Day 46 was the first of working all day in the studio for some weeks now. Just working quietly. I didn't even put on music for some reason. Likely as interesting to watch as grass growing. But there were things going on in my head--sort of a counterpoint to what was going on with my hands. And things were made.
Yesterday was chilly all day. Today was like spring. The desert is fickle and fast. As I drove along meandering curves between manicured lawns, golf greens and duck ponds, I had one of those odd out-of -context moments. All day it had felt like Sunday. Don't know why. But suddenly, rounding a curve of particularly colorful flowers I realized it was Saturday. It was a Saturday afternoon and I was a woman driving along to shopping in a pretty, peaceful place with plenty of weekend to spare. It was a moment without attachments, a warm yuppie sort of surface fuzzy that brought thoughts of latte and bookstores. Ahhh. a little Calgon soak in the shallow end. I could live here!
It didn't last. As soon as I became aware of my escape, I became aware that escaping is a choice. That there were layers of awareness underneath this simple, pleasant one, from the challenges in my own situation to the volatile states of too many systems to name. One could drown in the depths--- Egypt, Africa, world economies, climate change, hate, ignorance, my friend who is sick, my daughter who has isolated herself. Yes, one could drown.
I can't fix the world. I can't fix the people on my own pellicle. People have to figure out things for themselves. In that way, we are each and every one of us, alike. The hardest thing in the world is to change a mind.

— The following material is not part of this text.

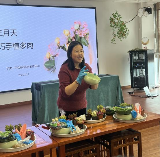 此次多肉DIY活动,不仅丰富了女职工的精神文化生活,加强了彼此之间的交流与联结,也进一步营造了尊重女性、关爱女性的和谐氛围。机关一分会将以本次活动为新的起点,继续组织开展形式多样、内容丰富的文化活动,为女同胞们搭建更多舒缓压力、互动交流的平台,让大家在温馨向上的集体中,持续绽放自信风采,以更饱满的热情与活力,投身于工作与生活之中。撰稿:余飞

It's a good thing to take a break from caring sometimes. It's a good thing not to feel guilty about it too. It's impossible to get lost. The world just won't be ignored and shit happens.
Our heros are nearly at the end of this particular adventure. How suprised Orion was that our Hobbit and Dwarves didn't have to battle Smaug after all. Things often take surprising turns and, as we saw tonight, the Arkenstone became a unexpected tool for negotiating peace.
I wish you balance, between the dark and the light, between warm comfortable places and vast cold spaces, between curling up with hot chocolate and saving the world. It's all in there, in this human soup. The surface and the depths and all in between.
Poppets like soup. Silly humans.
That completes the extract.